Items from a data source:
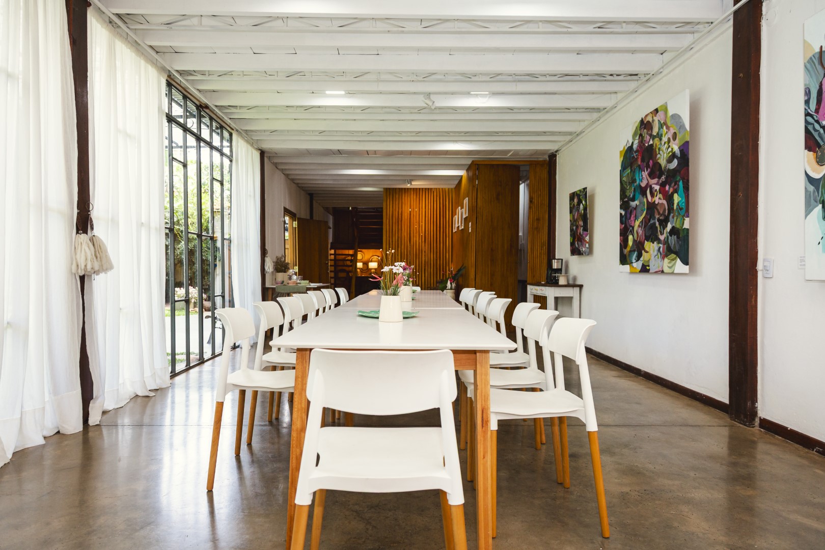 El salón tiene capacidad para hasta 40 personas, ideal para celebraciones íntimas, talleres o encuentros culturales en un entorno natural y tranquilo.
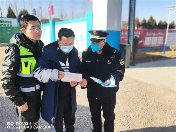 执法人员高度重视扬尘治理工作,安排专门执法队员对辖区在建工地加强实地巡查,加大检查力度。检查中,执法人员及时与工地负责人进行沟通,对施工工地的规范化管理进行业务指导,针对检查中发现的工地乱堆乱放,覆盖不严等问题,当场提出整改意见,并发放扬尘降噪等宣传材料等。后期,加强对存在问题点位的复查,确保形成发现问题、整改到位的闭环。
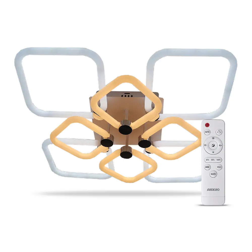 Светодиодная люстра с пультом Ardero AL6138ARD FELICITY 160Вт 2700-6500К IP20 Светильники являются современной, экономичной и экологичной альтернативой обычным люстрам. Благодаря своей универсальности могут использоваться как в жилых, так и в офисных помещениях и коммерческих интерьерах. Особенности светодиодной люстры Ardero AL6138ARD FELICITY Дизайн. Изысканный современный геометрический дизайн со стразами позволяет украсить интерьер домов и квартир, залов ресторанов, кафе, отелей и т.д. Высококачественные материалы и комплектующие. Корпус светильников изготовлен из качественного металла, рассеиватель - из прочного акрила Управление светом. Светильники оснащены функцией управления режимами свечения Качественный свет. Коэффициент цветопередачи Ra⩾80 позволяет видеть естественные цвета освещенных предметов. Благодаря правильному расположению светодиодов и качественным компонентам сохраняется однородность свечения светильника без возникновения темных зон. Экономичность. Современный светодиодный светильник, позволяющий сэкономить до 85% электроэнергии по сравнению с использованием обычных люстр. Функция памяти. Последние настройки яркости и цветовой температуры используются при следующем включении светильника. Бренд: Ardero Гарантия: 12 месяцев Тип выключателя: Есть Количество в упаковке: 10 Цвет основания: Белый/Серебро Цвет свечения: Регулируемый Цветовая температура: 2700-6500К Индекс цвета (RA): Ra≥80 Комплектация: Дистанционный пульт Материал основания: Металл Материал плафона: Акрил Напряжение сети: 230 Мощность (Вт): 160 Размер: 610*610*130 мм Световой поток (Lm): 17170 Класс защиты (IP): IP20 Совместимость с диммерами: нет Срок службы: 25000 часов Тип источника света: LED Тип светильника: Потолочная люстра Форма_люстры: Квадратная Возможность диммирования: да
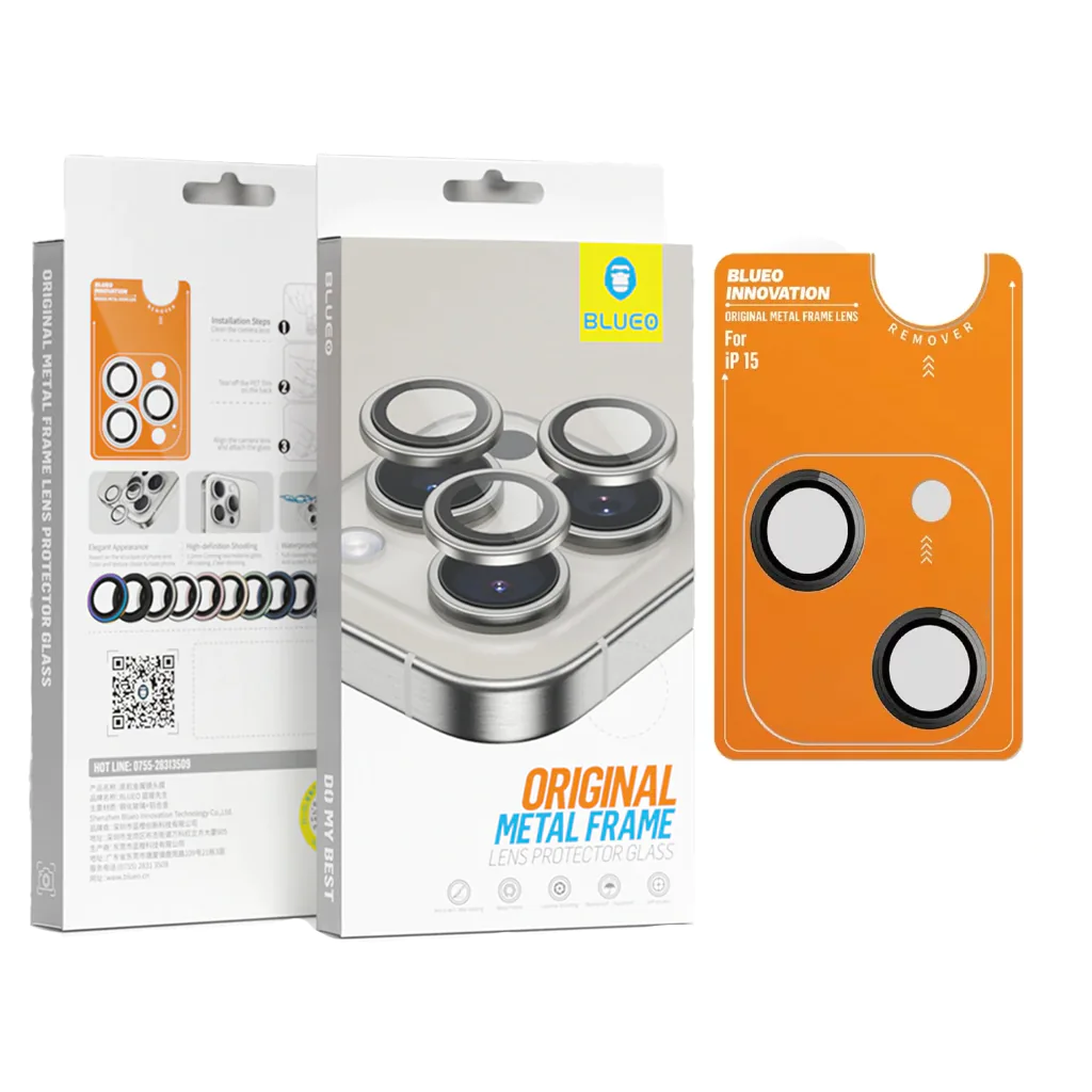 BLUEO Original Metal Frame Camera Lens Glass Ring For Apple iPhone 15/15Plus
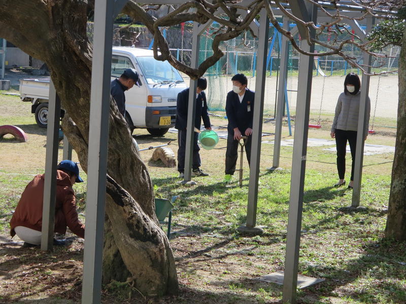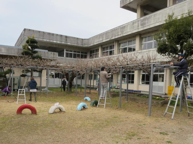PTA資源回収後に、PTAの方々で藤棚の剪定をしていただきました。4月に藤棚給食を実施する予定ですが、その頃には、きっと、たくさんの藤の花が咲き誇ることだと思います。
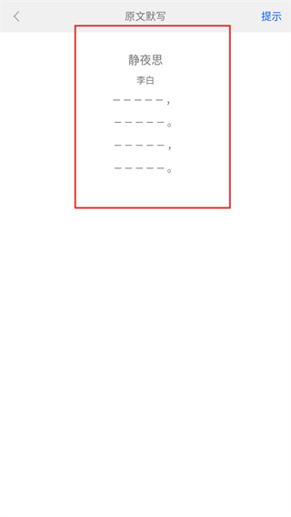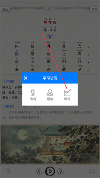 4、在学习功能菜单中选择默写选项,进入对应古诗词的默写页面。
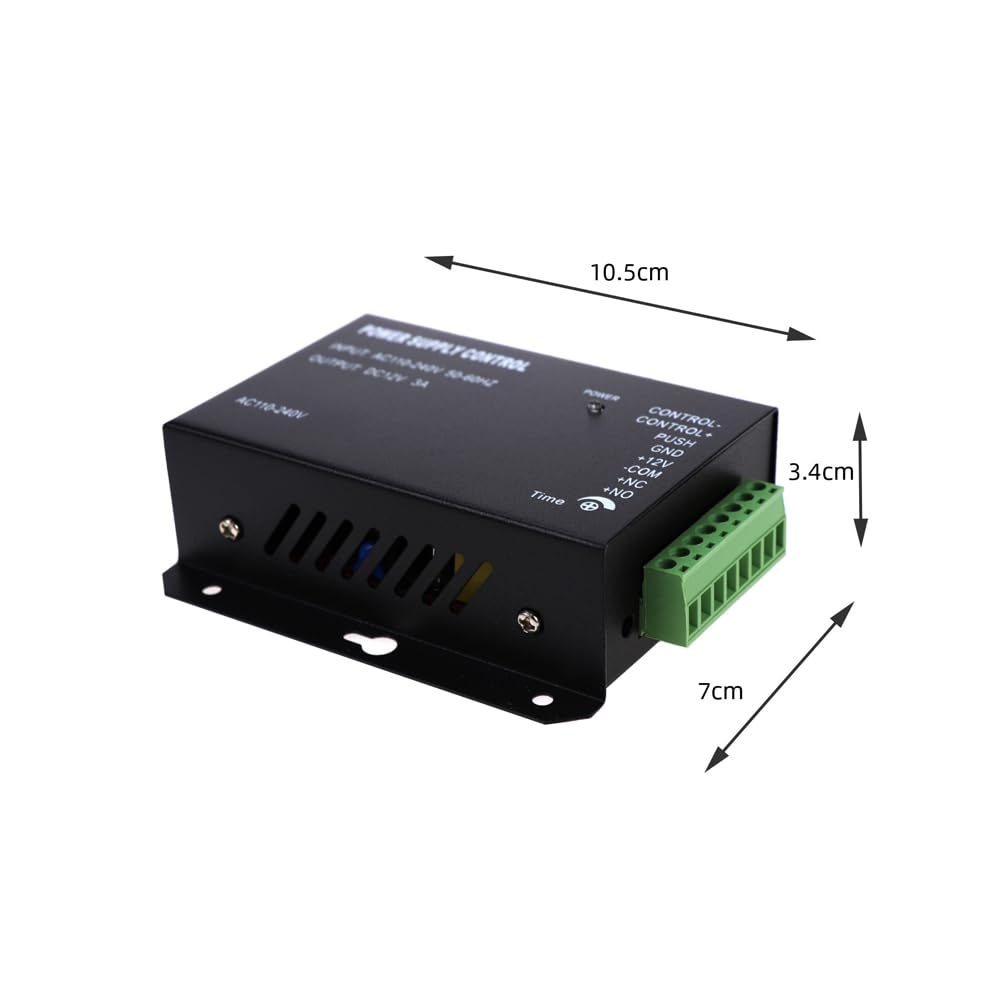 Feature: High efficiency and good price Built-in EMI filter 100% full load burn-in test Low output ripple and noise Protection: over load/over voltage/short circuit Based delay control circuit, lock time can be in 0-15 seconds Set NC / NO outputs, can control various types of electric locks Can reduce the load of access controller, save wiring to reduce the hidden trouble Specification: Dimensions: 120Lx95Wx38H(mm) Input Voltage: 110VAC~240VAC;50HZ~60HZ Output Voltage: DC12V;3A Contact: Access control, Electric Lock, Release Button Time Relay: 0~15sec Standard Design: Steel material, Painted Protect Safely: Short Circuit protection Suitable For: Access control, Electric lock Weight: 0.33kg Working temperature: -20~65 degree centigrade Package size: 13cm x 10cm x 4cm (5.12in x 3.94in x 1.57in)
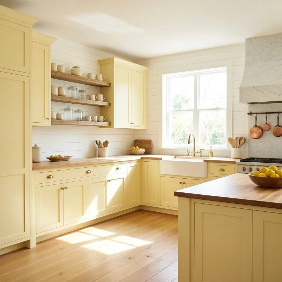 Buttercream yellow brightens farmhouse interiors beautifully. Paired with white, it creates a cheerful and welcoming vibe.
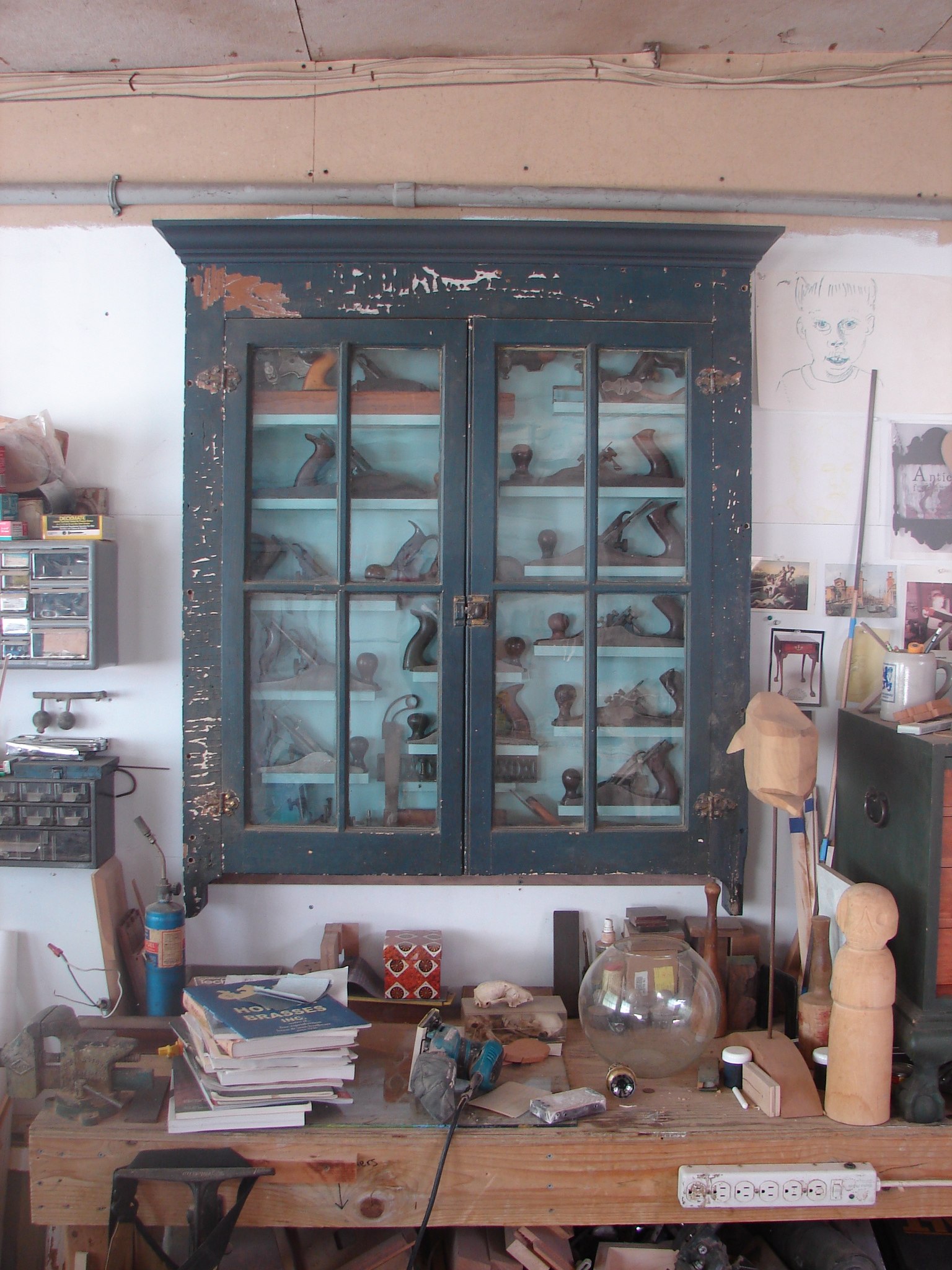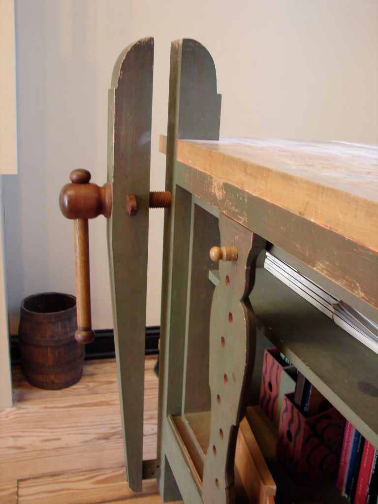 The vise is based on an 18th Century French design I saw in a book. It’s unusual to have the vise projecting above the top, but it works well for shaping legs or other parts where you need to be able to get around without stopping to turn the piece. The plank with the peg and holes in it next to the vise is called the “dead man” [maybe because of the holes]. It is a support for doors or boards that are held in the vise, and it slides on a track in the rail. It is shaped like a chair splat from a set of New York Queen Anne chairs I made.
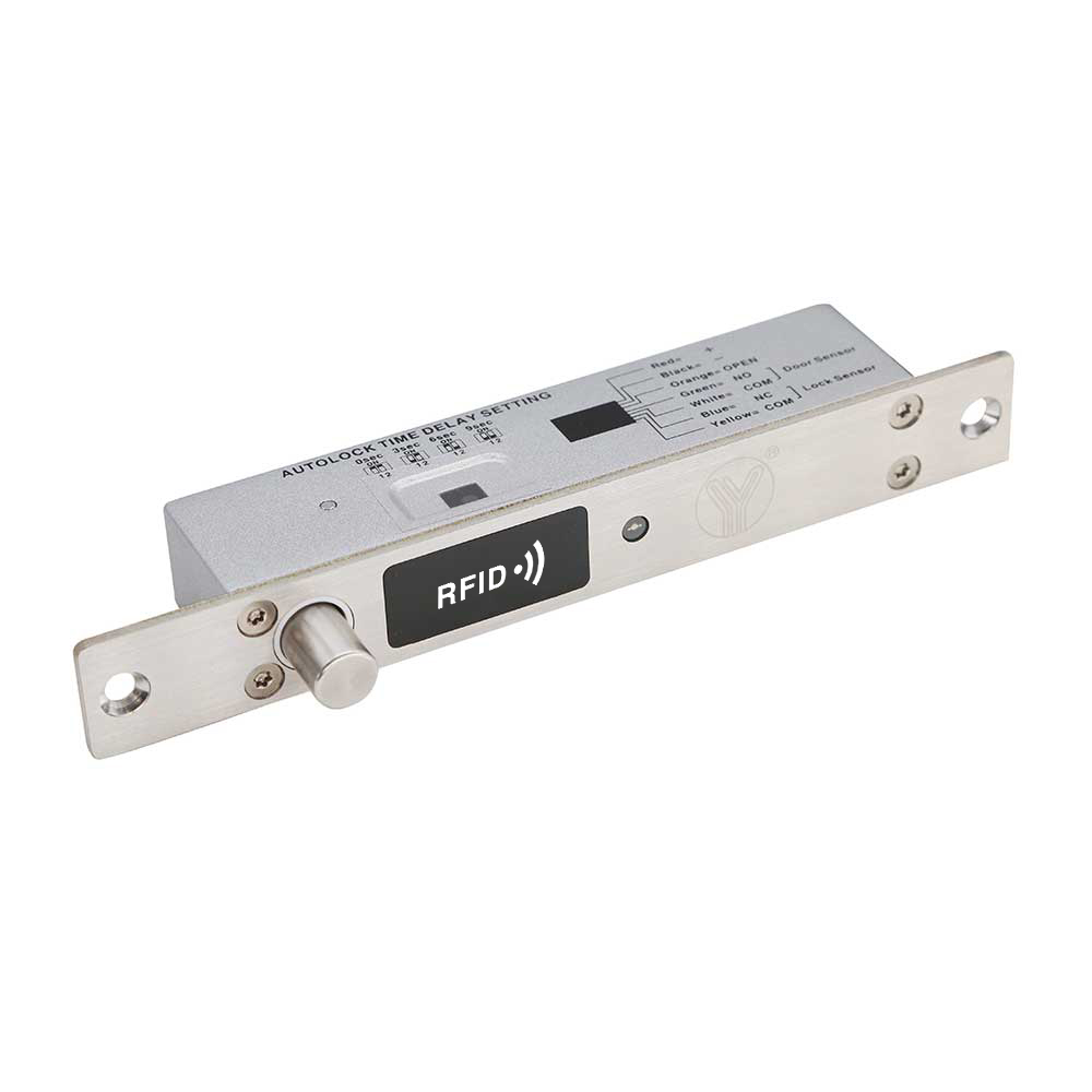 鎖舌上鎖后,自動切斷干簧管偵察功能,避免人為截斷門閂板的磁鐵與鎖體干簧管的感應,使電鎖產生錯誤動作而開鎖。
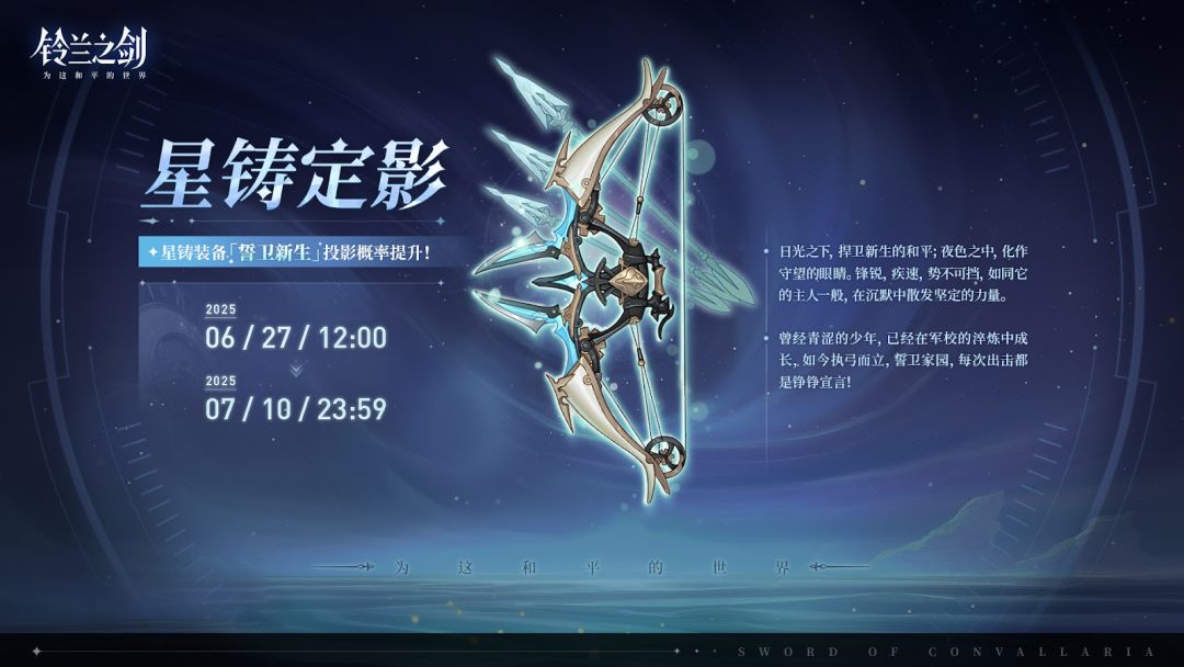 「星铸定影」限时投影将于 2025/06/27 12:00 - 2025/07/10 23:59 开启,全新星铸装备「誓卫新生」投影获取概率将大幅提升!
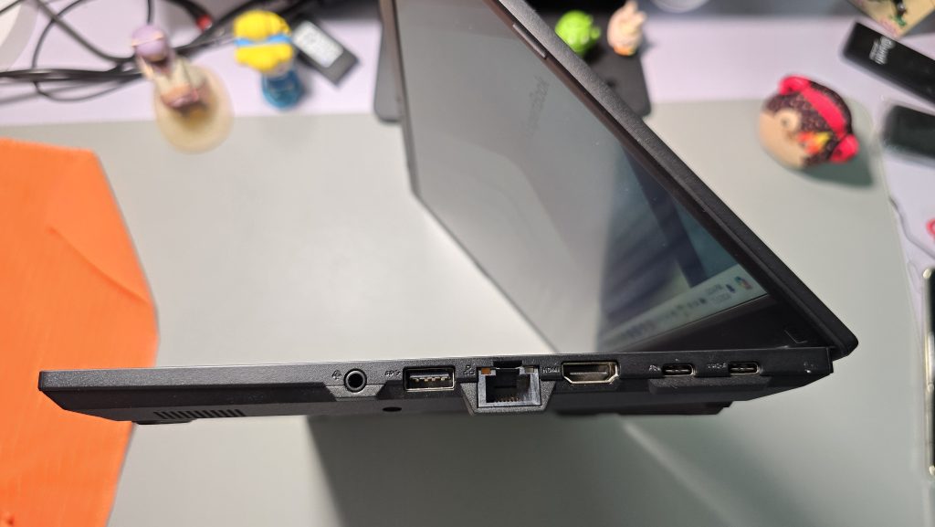 As I mentioned, it is indeed a no frills laptop, the first look at it, it features a all in totally catered in business design, and the color is in all star black which I think it’s the most ideal and safest color choices. The two usual features that it has is the 180 degree lay flat on the screen which makes it easy for screen sharing between parties and US MIL-STD 810H military-grade standard that undergoes extensive and stringent in-house testing, offering the assurance of exceptional protection.

## [YOUR INSTRUCTIONS]
Up to and including the line containing "执法人员高度重视扬尘治理工作", repeat every line from the start of the data, but none of the pictures.

## [FINAL ANSWER]
 El salón tiene capacidad para hasta 40 personas, ideal para celebraciones íntimas, talleres o encuentros culturales en un entorno natural y tranquilo.
 执法人员高度重视扬尘治理工作,安排专门执法队员对辖区在建工地加强实地巡查,加大检查力度。检查中,执法人员及时与工地负责人进行沟通,对施工工地的规范化管理进行业务指导,针对检查中发现的工地乱堆乱放,覆盖不严等问题,当场提出整改意见,并发放扬尘降噪等宣传材料等。后期,加强对存在问题点位的复查,确保形成发现问题、整改到位的闭环。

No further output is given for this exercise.